[ad_1]
For decades, expert consensus has been quietly working to exclude politicians from digital policy regulation—a libertarian attitude that distrusts the state’s heavy-handed approach but welcomes technocratic levity. The argument is that this prevents “politicization” and ensures policy continuity throughout the electoral cycle. It is now clear that this stance is not only unsustainable but also anti-democratic. Over the past five years, widespread digitalization has transformed technology into a medium of power and access. Online platforms, smartphones, telecom networks and data centers are part of the lives of ordinary Indians. As the general election approaches, what can political parties offer voters in their manifestos?
Five years ago, when Indians went to the polls, technology was just an afterthought. Except for the Bharatiya Janata Party (BJP) and the Indian National Congress (INC), few political parties have paid much attention to or commented on this. The BJP emphasizes technology as a catalyst for economic and social goals, including enhancing the delivery of rights and increasing farm incomes, but limits its comments on digitalization to promoting connectivity in panchayats.

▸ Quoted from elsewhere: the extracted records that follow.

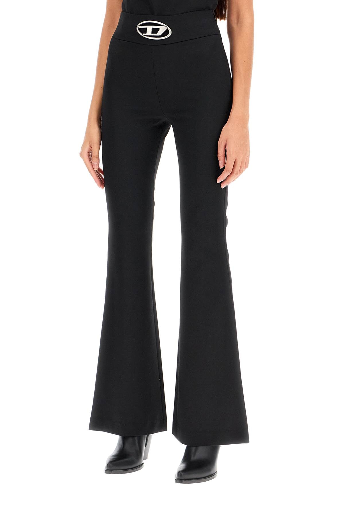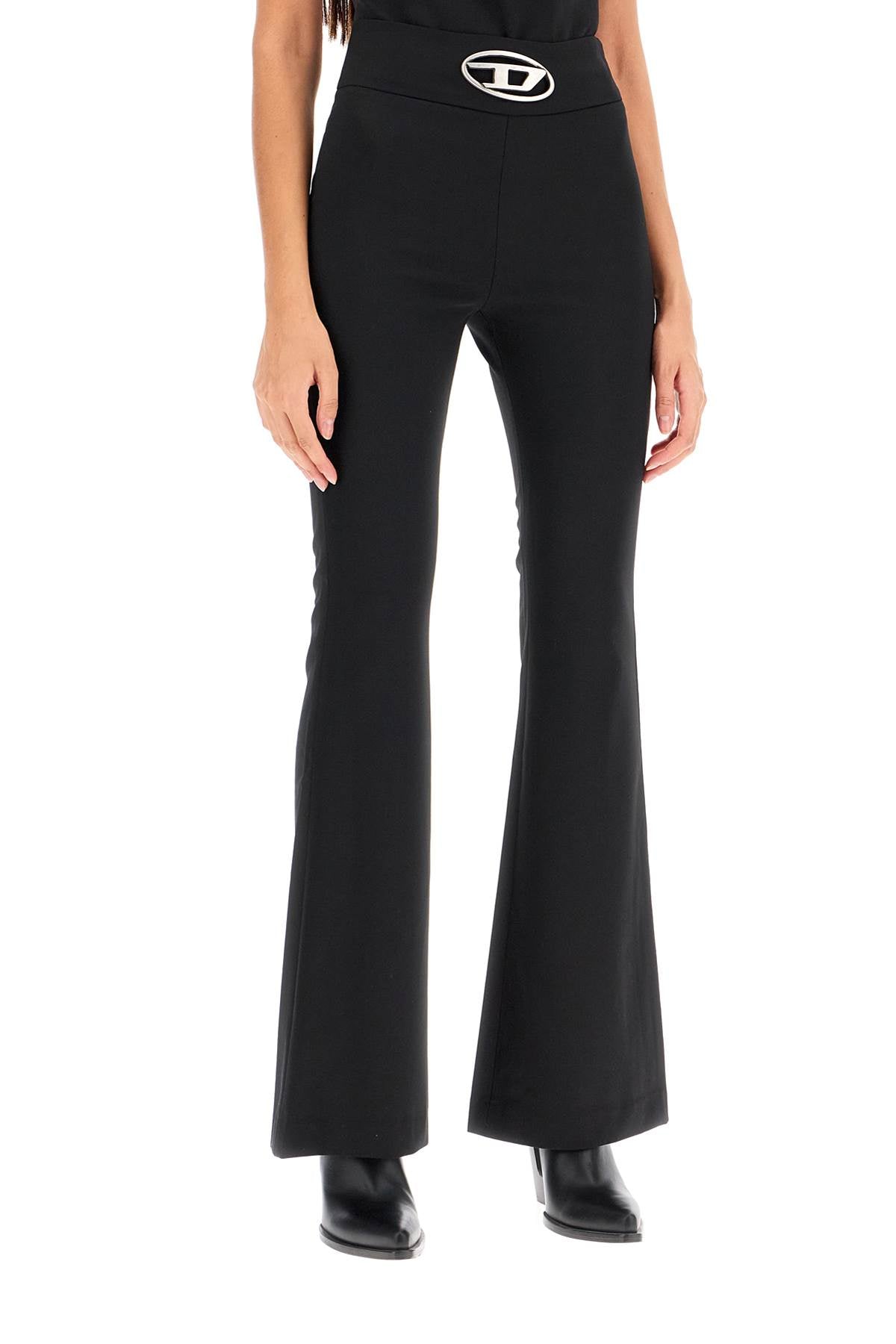 The Diesel P-Erseus pants are made of stretch wool twill and feature a high waist and flared leg. Completing the look is the iconic Oval D inlaid metal on the waist with a cut-out effect. The fit is snug. The model is 177 cm tall and wears size IT 38.
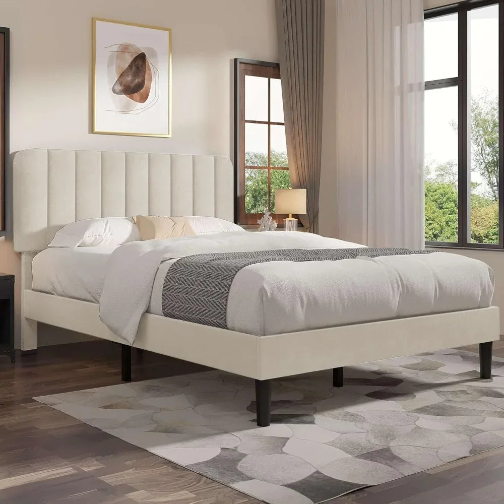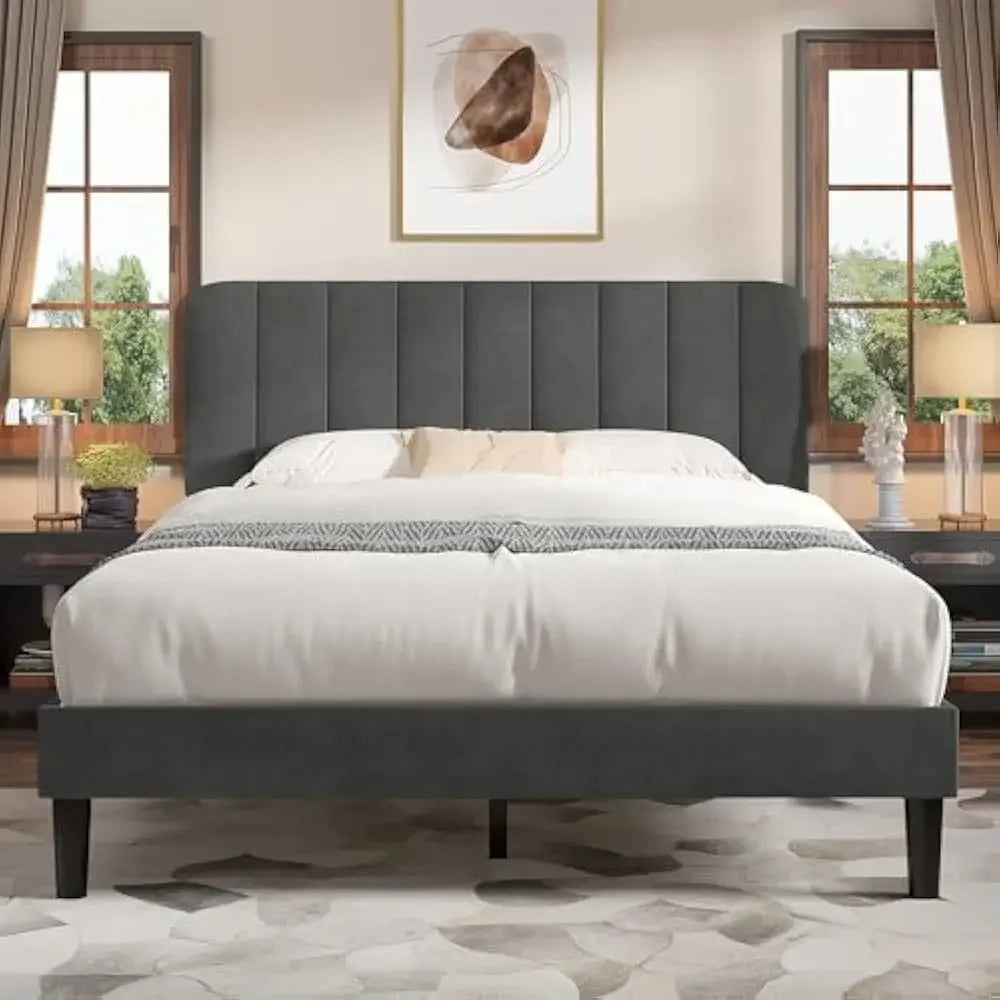 - [Easy Assembly] This queen upholstered bed frame with a wooden headboard is designed for effortless assembly. All the necessary parts and tools are smartly packed into one box. The slats of the bed frame feature Velcro attachments, allowing for quick and efficient assembly. You can have your queen upholstered bed fully assembled within one hour. (PLEASE NOTE: MATTRESS SOLD SEPARATELY)
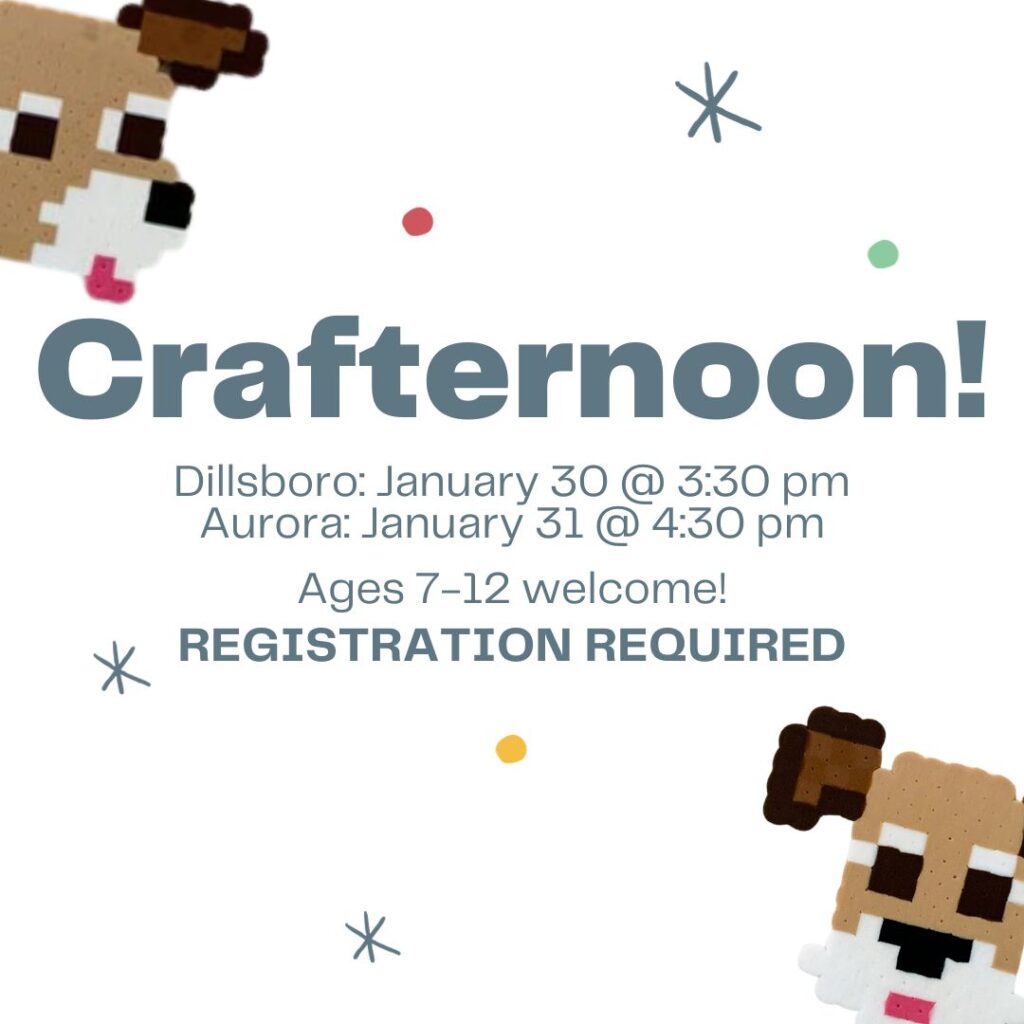 Our crafternoon for January is going to be dog perler bead key chains. Registration is required and there are only 12 spaces available. Call the library to reserve a spot! We can’t wait to see you there!

In contrast, the INC outlines more ambitious digital rights reforms, addressing access, freedom of expression and privacy issues in dedicated chapters. Apart from this, five political parties stand out: All India Trinamool Congress (AITC) and Communist Party of India (Marxist) support surveillance law reform; Dravida Munnetra Kazagam (DMK) vows to curb obscene content on social media; Aam Aadmi The Samajwadi Party (AAP) supports expanding the use of CCTV; the Samajwadi Party (SP) aims to accelerate the NATGRID mass surveillance programme. If the manifestos of 2019 are any measure, the articulation of how digital technology affects our political thinking and campaigning today is meager.
According to the latest data from TRAI, as of December 31, 2023, the number of broadband subscribers in India was 904.54 million. India also has one of the lowest data rates in the world. While the BJP may see this as a victory for its “Digital India” policy, other parties need to highlight the unfairness and uneven distribution of growth. It is mainly concentrated in urban, male, and high-income groups, and most people still do not have access to the Internet. They may also address sluggish growth in broadband connections and smartphone sales over the past year, or suboptimal delivery of BharatNet and the federal government’s PM-WANI program. This can provide the basis for proposals to advance social justice through digitalization and technology. Here, while state elections, particularly in Rajasthan and Kerala, have seen the promise and delivery of smartphone and mobile internet schemes, the political discussion around the issue remains underdeveloped. So far, politicians of all stripes have failed to address the need for universal connectivity as a catalyst for social and economic mobility among poor metropolitan and semi-urban voters.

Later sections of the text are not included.